SMS & Technical Flashcards
Safety Performance Monitoring
Service Measurement, Service Reporting and Service Improvement -
As safety and Assurance we would identify the Service monitoring criteria and would assess the assurance requirements of any improvements that were to be made
What is the difference between between validation and verification?
How is this split across the layers?
verification takes place to ensure that requirements have been met through testing to make sure that we have built it correctly
validation is checking what we have built is correct to be used
DSESAR validation occurs at the Deployment layer to test whether the already verified platform meets the requirements of ATC as the end user and their expectations,
whereas verification occurs at the platform layer and below.
Validation will use techniques such as simulations, whereas verification would include activities such as observations, demonstrations etc
SAF012/SAF019/SAF020/SAF021/SAF022
(Manage Continual Safety Assurance)
SAF12 = Manage Safety Improvment - NATS Safety Steering Group (Safety Improvement Cycles)
SAF19 = Analyse Safety Performance
SAf 20 = Safety Lessons learning
SAF21 = Safety Surveys
SAF22 - Risk-based oversight
What is the SMS? what does it provide?
Its part of the NATS BMS
a legislative and regulatory requirement - contains a core set of safety policies, principles and processes
sets the standard for safety management
objective is to provide NATS’ Managers with the information necessary to apply the Safety Management System within their own areas of activity. “
How do we manage risk?
Risk id Risk analysis Risk treatment Monitor and review Close risk or implement risk event
How do we measure Safety?
We measure safety in a number of ways.
Incidents are assessed and we assign RAT points to each of these, allowing us to quantify our safety performance, in a qualitative way the causal factor trends. Further we set safety monitoring criteria for systems that are going into service and use these alongside the Assurance Cases to identify the current state of the systems which allows us to measure change in performance against.
What are System Integrity Requirement and what do they mean to you?
System Integrity Requirements define what the system should do = Functional and Non-functional requirements.
Functional requirements explain how the system must work, while non functional requirements explain how the system should perform
These will be reported on in AADs or the FADs for older systems, and will confirm that the requirements of the system have been met.
I would use this document as evidence that the system performs as expected.
What are Safety Requirements and what do they mean to you?
Safety Requirements are dervied from Hazard Identification workshops, from FMEAs etc. These are fundemantal to what we do as these requirements are in place to mitigate or remove hazards that have been identifed lowering the risk to the operation. These hazards could be functional or non-functional. These workshops and other parts of analysis will lead to System integrity requirements as well.
What are CAP670 Requirements and what do they mean to you?
These are the Air Traffic Services Safety Requirements that are identfiied for use through the Publication.

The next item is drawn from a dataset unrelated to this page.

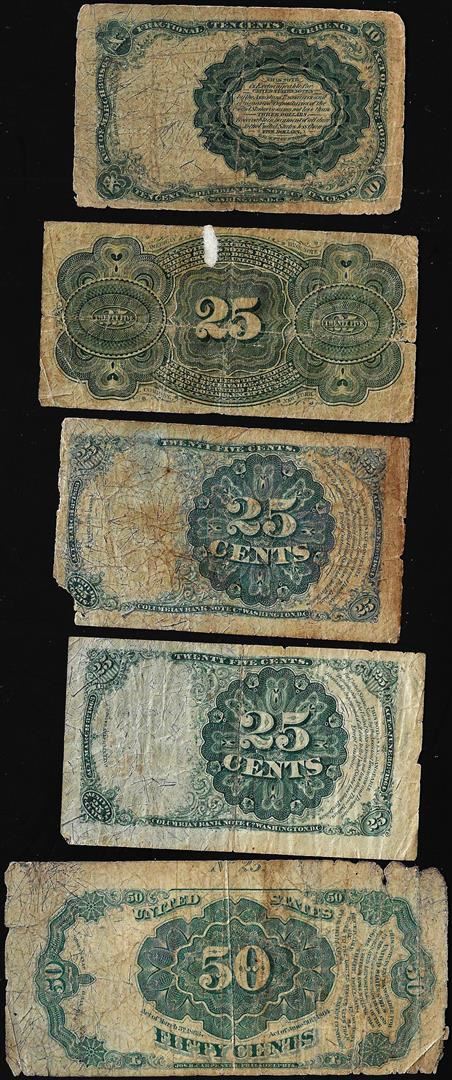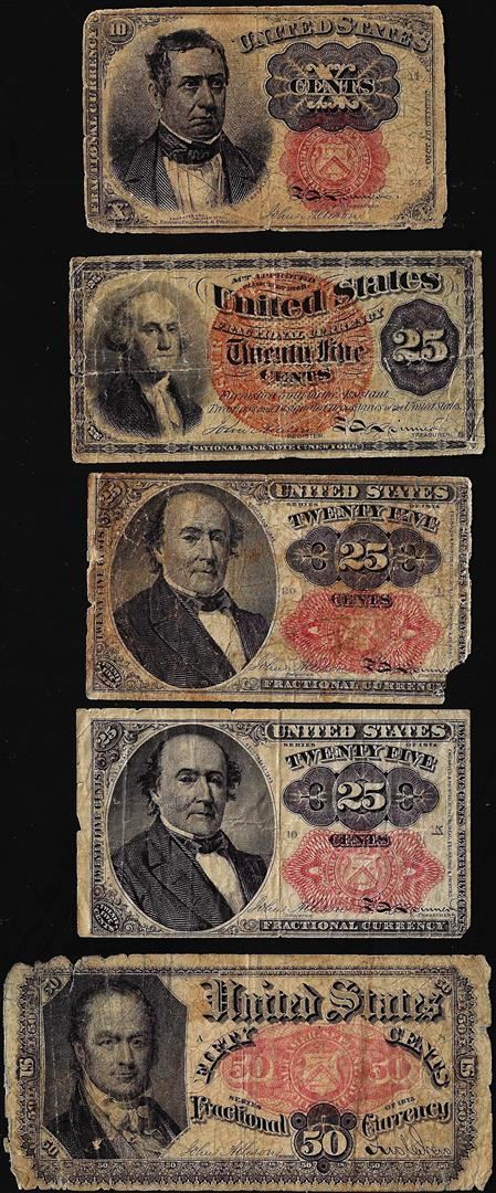 One Lot of 10/25/25/25/50 Cent Fractional Currency Notes.

What are ED109A Requirements and what do they mean to you?
ED109A Requirements identify the assurance level to which the supplier must build assurance. The required assurance level will change depending on the system with this being derived alongside the safety requirements, a more safety critical system will require a higher Assurance Level, the highest NATS can go to is AL-3
What do you understand by the terms high level and low level requirements?
High level requirements would be those that define the overall behaviour of the system - for example user requirements or high-level safety requriements which would say there needs to be a a tool for post operational monitoring - the low-level requriements would define more details of what this should monitor, the type of data to be used etc
What is the difference between functional and non-functional requirements?
Functional Requirements say what the system should do e.g. The system must provide data to a user, The non-fucntional requriements will tell you how it should do that e.g. it should provide the data within 5 seconds, it should store the information for 7 days - these are just examples.
What is a hazard?
A hazard is any condition, circumstance or event that could induce a harmful effect
What 2 categories can hazards be split into
Hazardous conditions -
Hazardous Events
From a NATS perspective we tend to focus on addressing hazardous events.
What are hazard causal factors ?
Hazards result from failures, malfunctions, external events, errors, or a combination of these. (SAE ARP-4761) the result of poor insufficient design, incorrect implementation of a good design, or potential or actual failures that would have to occur in order to result in the condition defined as a hazard.